Exercise: Write out the data word for word, taking care that no picture is carried over.

[[ Input data open ]]

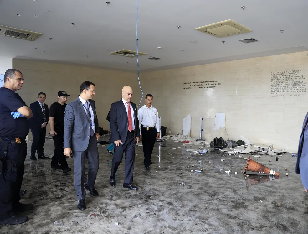 Moraes avalia estragos causados por bolsonaristas no STF durante ato terrorista
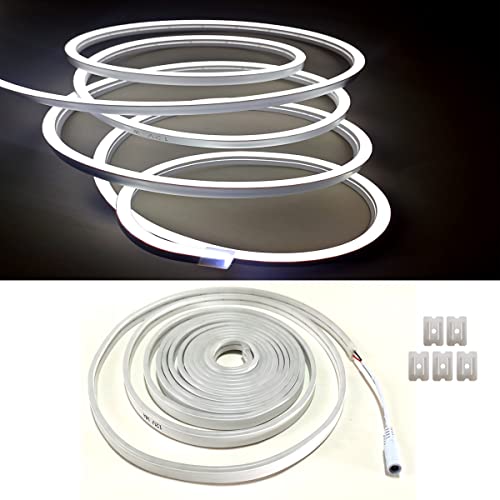 Balabaxer Striscia LED bianca al neon, 16,4 piedi/5 m, 12 V DC 600 SMD2835, tubo luminoso impermeabile per interni ed esterni, decorazione della casa (con alimentatore)
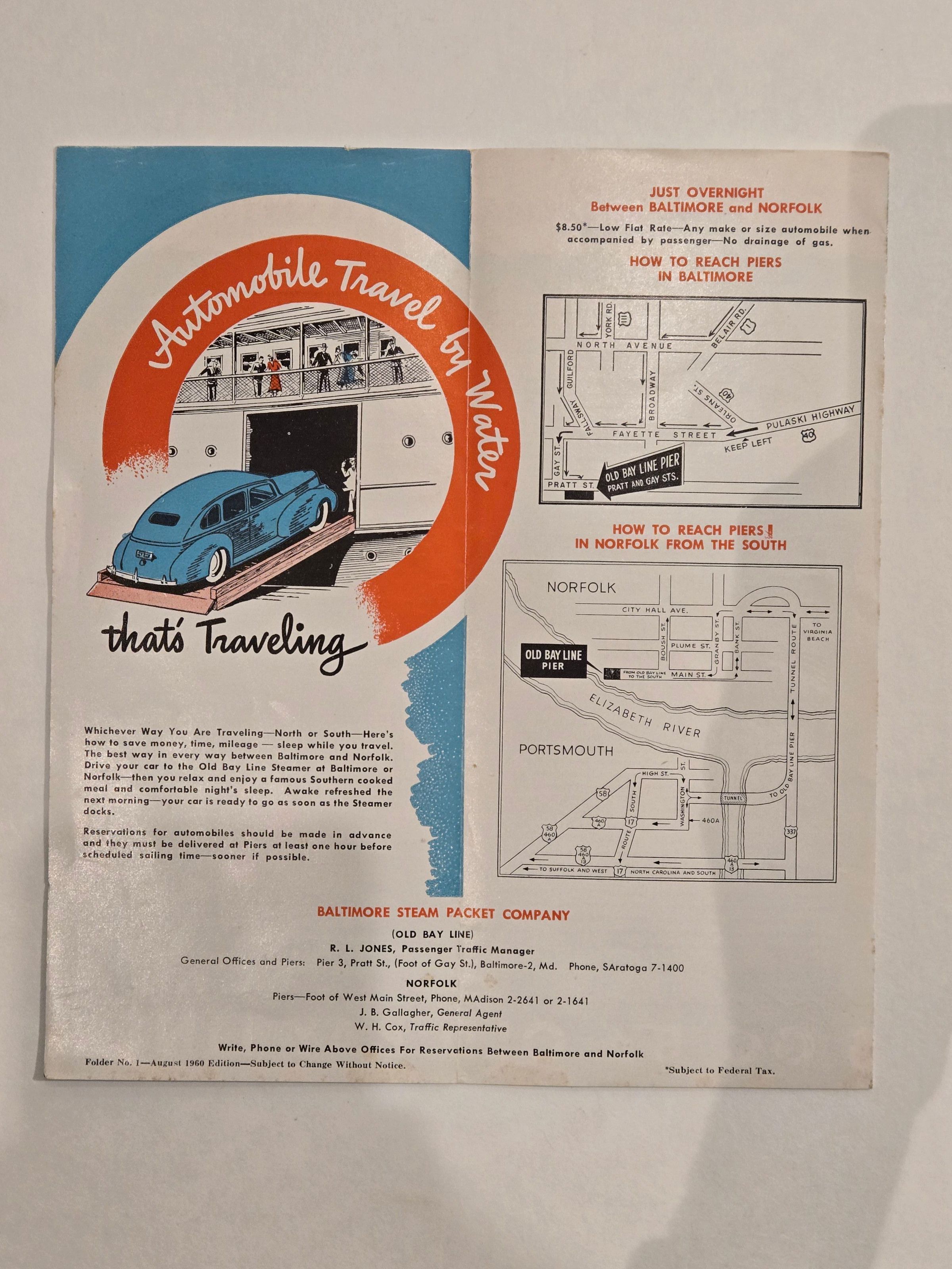 August 1960 edition brochure from the Old Bay Line. Found in Collection.
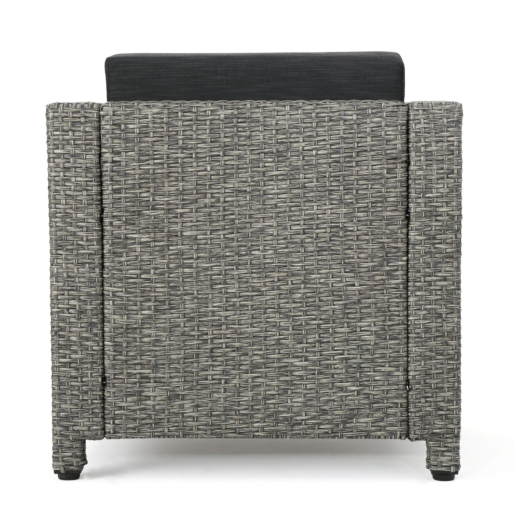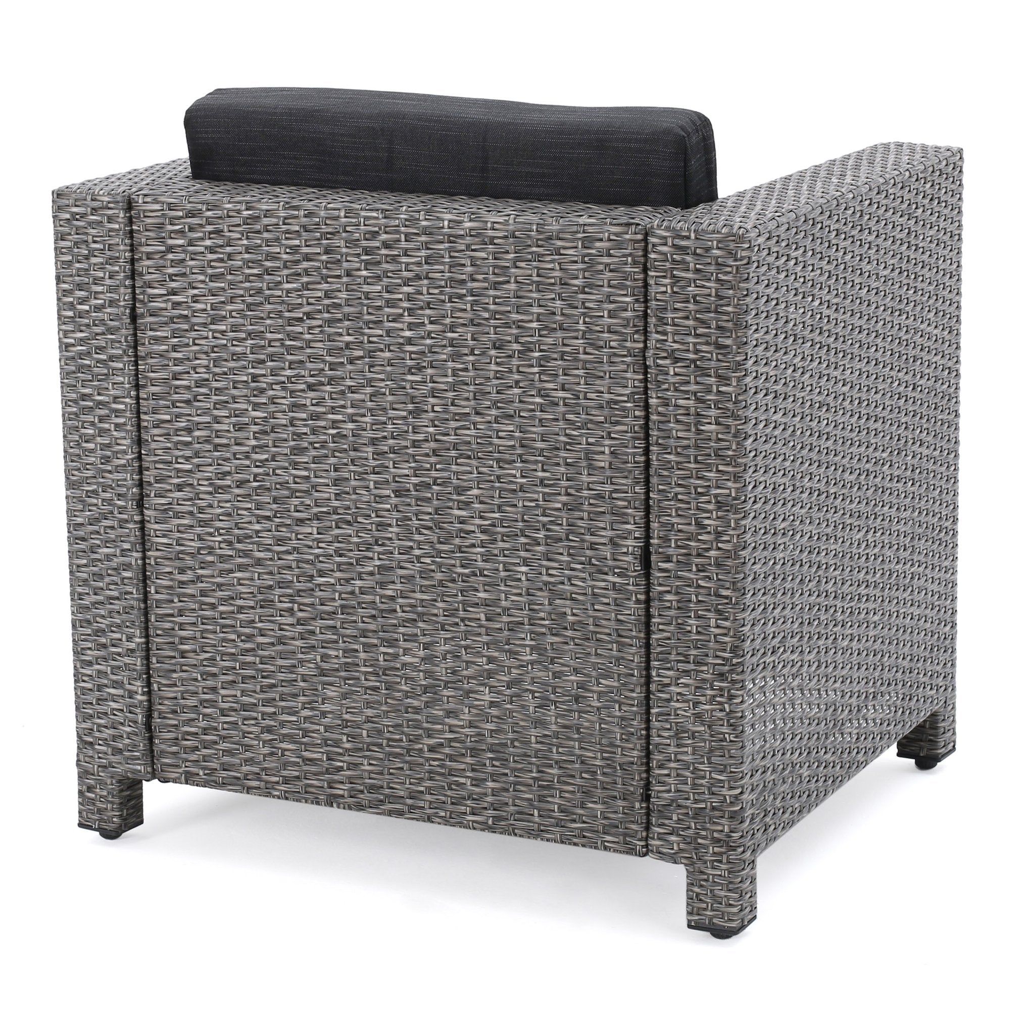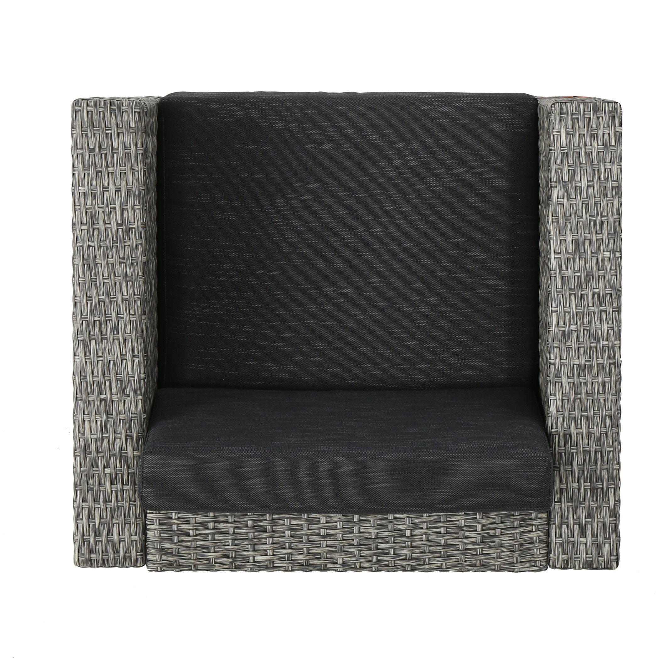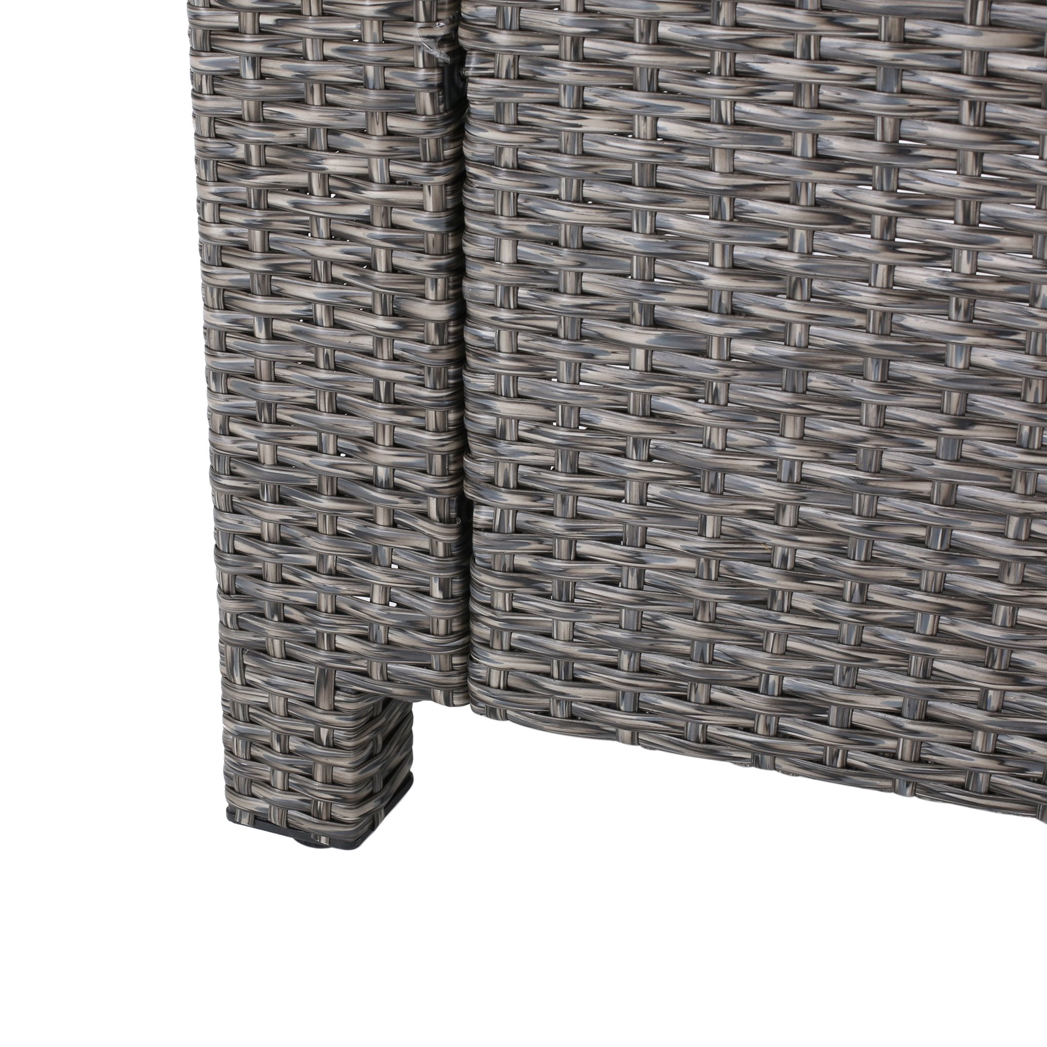 - Materials: Durable faux rattan (wicker) frame with 100% polyester cushion covers

[[ Input data closed ]]

Answer for this exercise:
 Moraes avalia estragos causados por bolsonaristas no STF durante ato terrorista
 Balabaxer Striscia LED bianca al neon, 16,4 piedi/5 m, 12 V DC 600 SMD2835, tubo luminoso impermeabile per interni ed esterni, decorazione della casa (con alimentatore)
 August 1960 edition brochure from the Old Bay Line. Found in Collection.
 - Materials: Durable faux rattan (wicker) frame with 100% polyester cushion covers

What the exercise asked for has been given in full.